*Exercise prompt*
Extract the lines beginning at the one that holds "Μπρελόκ Μαρτυρικά Βάπτισης" and ending at the final line of the material below, keeping them exact and leaving out all pictures.

*Data below*
********************

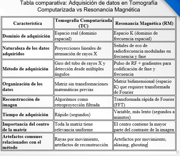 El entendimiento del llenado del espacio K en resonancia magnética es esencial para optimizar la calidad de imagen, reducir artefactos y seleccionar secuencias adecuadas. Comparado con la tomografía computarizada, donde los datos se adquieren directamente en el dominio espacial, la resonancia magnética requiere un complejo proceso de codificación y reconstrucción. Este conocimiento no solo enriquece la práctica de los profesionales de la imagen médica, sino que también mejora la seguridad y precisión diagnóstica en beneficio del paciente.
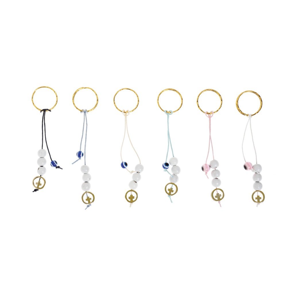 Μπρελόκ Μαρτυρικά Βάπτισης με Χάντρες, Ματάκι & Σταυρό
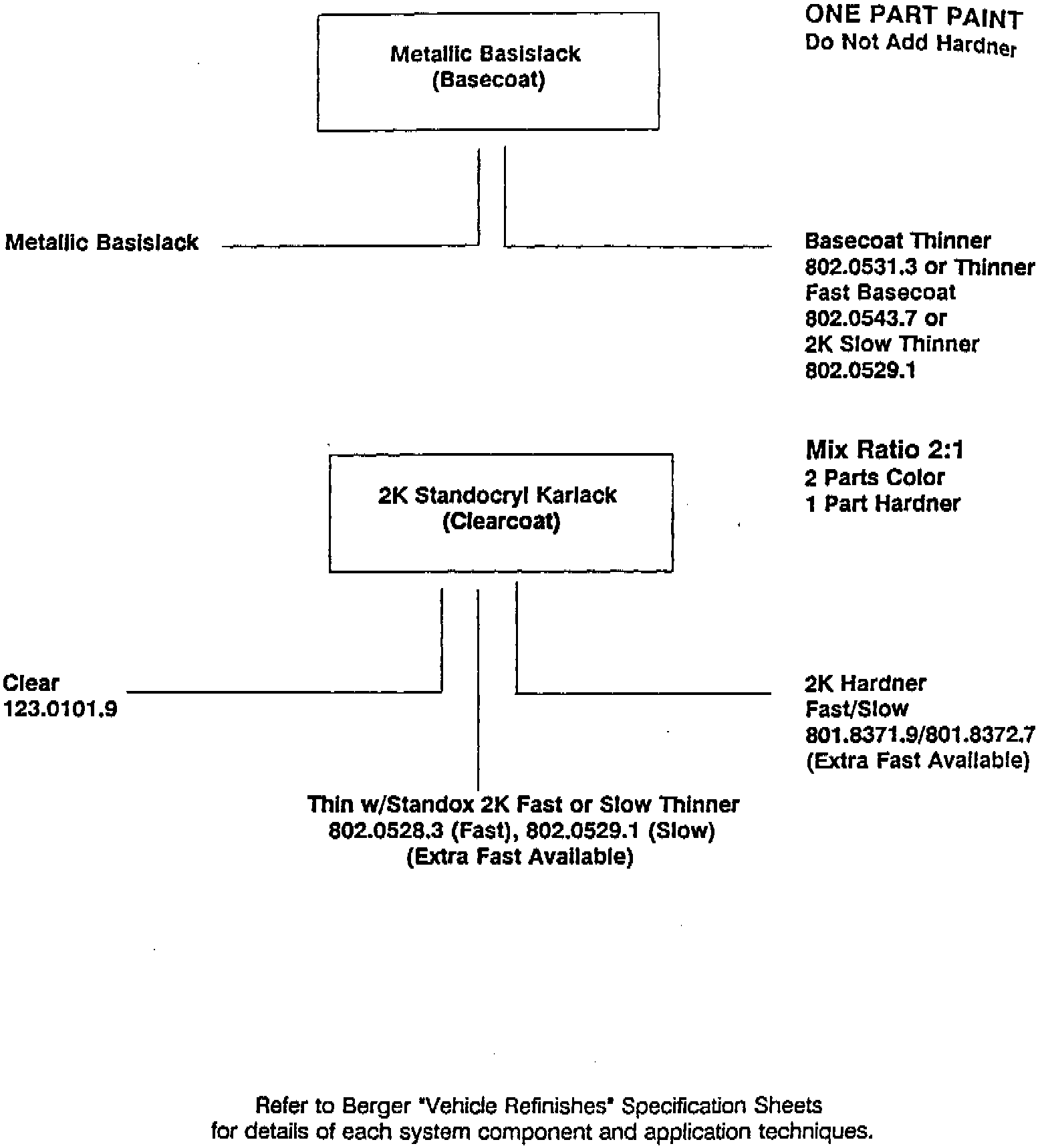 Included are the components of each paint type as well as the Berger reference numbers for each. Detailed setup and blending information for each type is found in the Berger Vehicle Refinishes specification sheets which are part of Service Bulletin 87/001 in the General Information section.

********************

*The answer*
 Μπρελόκ Μαρτυρικά Βάπτισης με Χάντρες, Ματάκι & Σταυρό
 Included are the components of each paint type as well as the Berger reference numbers for each. Detailed setup and blending information for each type is found in the Berger Vehicle Refinishes specification sheets which are part of Service Bulletin 87/001 in the General Information section.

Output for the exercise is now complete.